We discussed the experience of one Spanish secondary school student of English.

Some of the points which we will be looking at again are:

The role of non-native speaker teachers.
The language of the classroom - the target language or the students' native language.
The role of grammar and how best to teach it.
The function of practice. How useful, for example, are gap-filling tasks?
How to teach vocabulary.
Focus on the spoken language.
Summary & Notes 2
The Grammar-Translation Method has survived for 150 or more years despite its defects. Course-books published
today often use its deductive approach (rule, examples, exercises). The basic criticism of the method is that it does not
correspond to the way that we think human beings acquire language. However, an updated version of the method is
perhaps not an irrational response to situations in which teachers with an inadequate command of the target language
struggle with large classes of unmotivated students. Whether any of those students will learn to function effectively in
the target language is doubtful.
Summary & Notes 3.
In this lesson, I summarised and demonstrated the Direct Method and the Audiolingual Method.

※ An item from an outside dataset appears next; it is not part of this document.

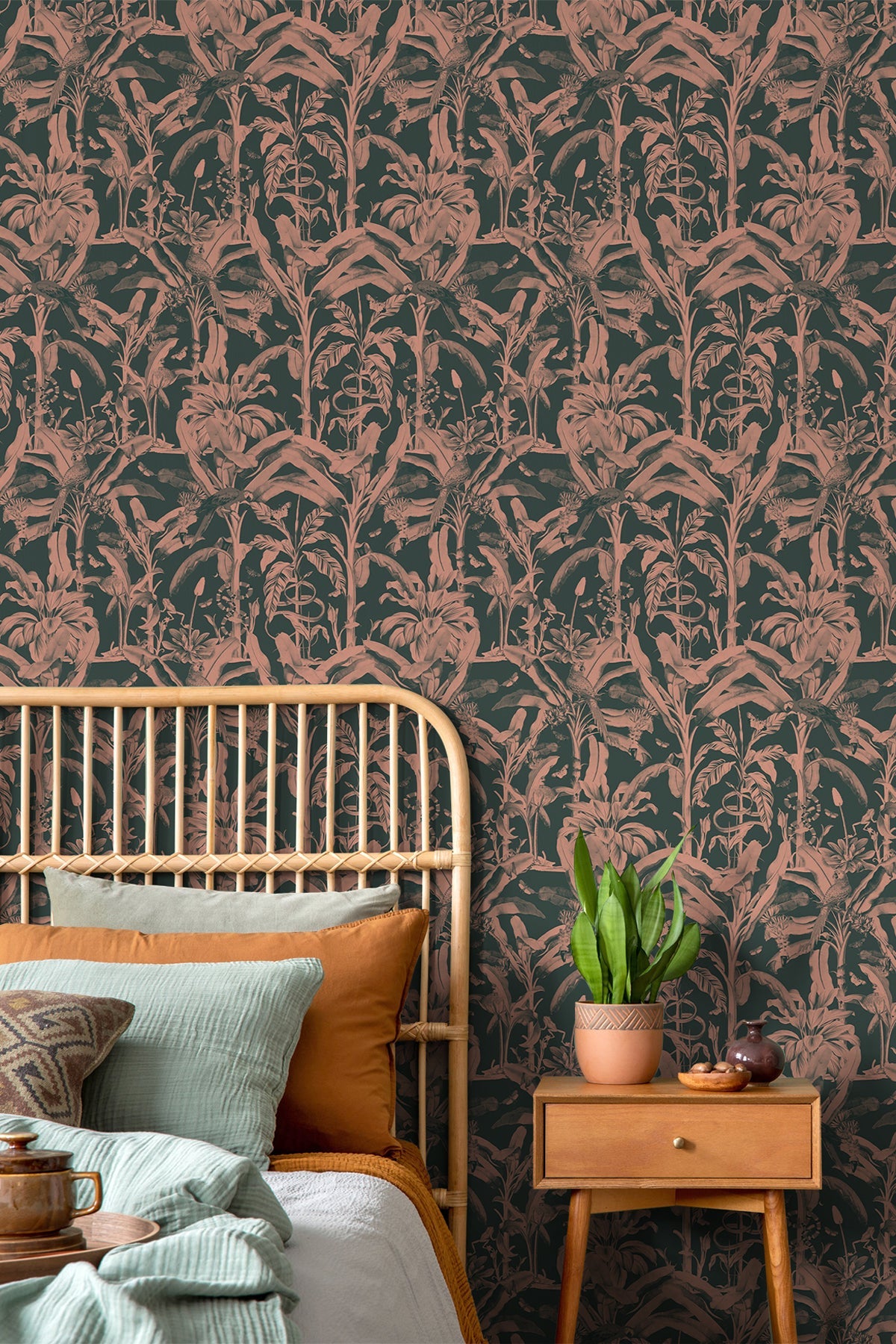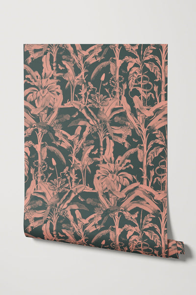 Our Guanacaste Wallpaper is a whimsical blend of banana trees, parrots, and snakes, all brought to life in a charming vintage hand-drawn style. This wallpaper represents a journey into the heart of nature's wonders with a touch of retro allure. Your walls become a canvas for a playful dance of tropical elements, where every stroke tells a story. The vintage hand-drawn aesthetic adds a nostalgic charm, making each element feel like a timeless illustration, while the duotone palette evokes sophistication. Let your walls tell a tale of tropical nostalgia with this unique and captivating wallpaper.

Both have their
merits. Both methods emphasized the spoken language. The idea underlying the Direct Method that learning a foreign
language is similar to learning a first language is partially true. And the idea that language production must become
automatised is an important insight. But neither method even began to address the complexity of what is involved in
second language learning.
You need to think about what the three methods we have discussed so far have in common and how they differ.
Summary & Notes 4.
Today's topic was the development of English language teaching over the last fifty years. The most important changes
derive from Chomsky's theory of first language acquisition and subsequent research into second language acquisition,
and the concept of communicative competence. The current theoretical view is that languages are learned through
doing tasks involving communication, supplemented by a focus on developing the language required to perform these
tasks.
This current position is remote from current practice in the majority of foreign language classrooms such as those in
Spain. It provides, however, theoretical support for immersion programmes and CLIL.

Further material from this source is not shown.